Tag Archives: Relationships

Bridge to understanding

Reaching Our Potential of Compassion

I may be one of those people, when you see one of my posts on serious topics, you quickly ignore, or wish, I should keep my opinions to myself. That’s understandable and perhaps I am cringe worthy at times. I hope this isn’t one of those times.

Recent private conversations with other people, cause me to suggest this is still a topic requiring open discussion or at the very least, thoughtful reflection.

Humans are complicated in many ways, but there are some basic requirements which all need in order to stay healthy. I’m primarily referring to emotional and mental health. I’m not a licensed professional or a person with advanced degrees in human psychology. I’m just someone who cares about other people, even those who live different than myself.

Each of us has a basic need to be cared for and loved. Try as you might, no one stays totally emotionally healthy without social contact and some form of reassuring interaction. Some people substitute animals for this support, but there’s still more to be found with other people. That’s also a challenge, because associations with some people are toxic.

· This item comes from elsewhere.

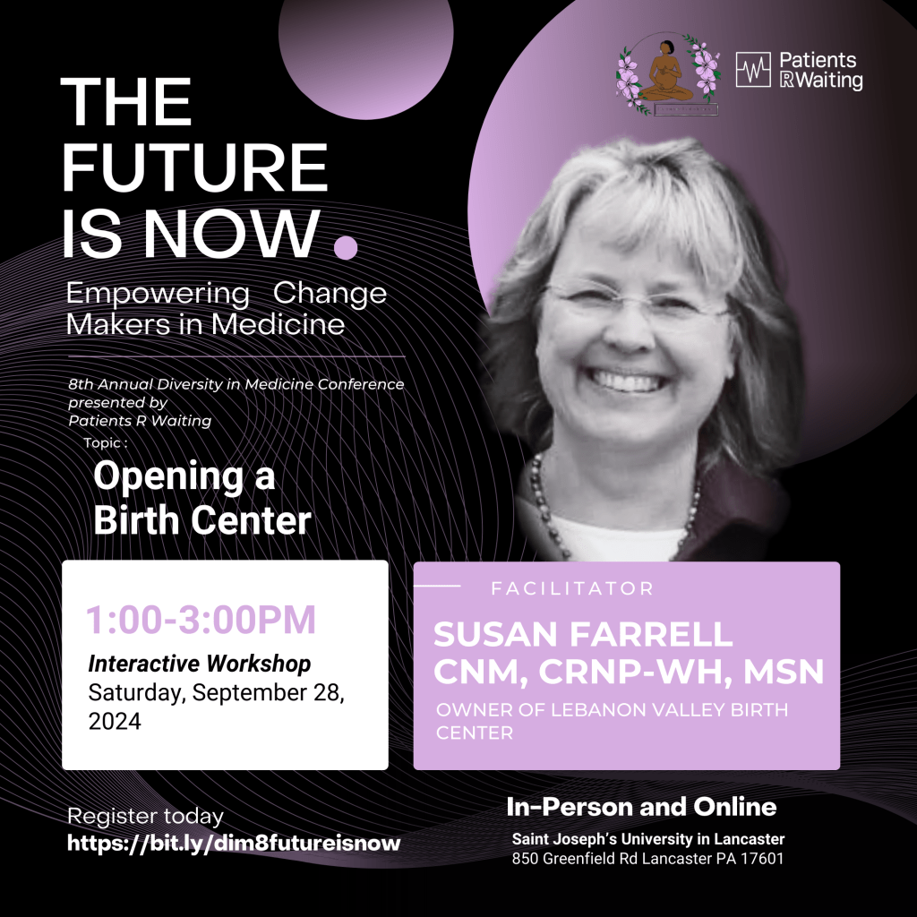 We are excited to announce that our founder and director, Susan Farrell, CNM, CRNP-WH, will be presenting an interactive workshop at the 8th Annual Diversity in Medicine conference, held September 28 at Saint Joseph’s University in Lancaster, PA. Her workshop, titled “Opening a Birth Center,” will present attendees with the tools and plans required to open a birth center in Pennsylvania, with a focus on underserved communities.

As we go through a process of physical maturity, and our minds and bodies react to hormones as well as our thoughts, some things become automatic. One of these are sexual attractions. Out of this physical attraction, human bonds are formed, but here’s where it’s not necessarily going to be predictable, or set in a pattern which many of us think is the only way it should be.

I’ve learned through observation, not always my own experience, but through the lives of others, an empathy for people who think and act different from myself. In the case of physical attraction, I fall into the socially predominant, opposite sex attraction. It started without me thinking, analyzing, or consciously deciding that I liked the physical appearance and voices of women over men. Without going into detail, those are early awkward years for most of us.

Here’s where it gets difficult to understand for those who only have opposite sexual attraction. It’s challenging to recall or realize our gender attractions were not something we woke up with and deliberately decided on. When you meet someone, or know a family member, who has same sex attractions, think about your own experience, because this isn’t really something we choose. It’s not like going to buy a new vehicle and say, I can only drive a red car.

Here’s where it gets tougher for many of us, because we start down a path which says, you can only think like me, or you’re abnormal, freakish, or defective.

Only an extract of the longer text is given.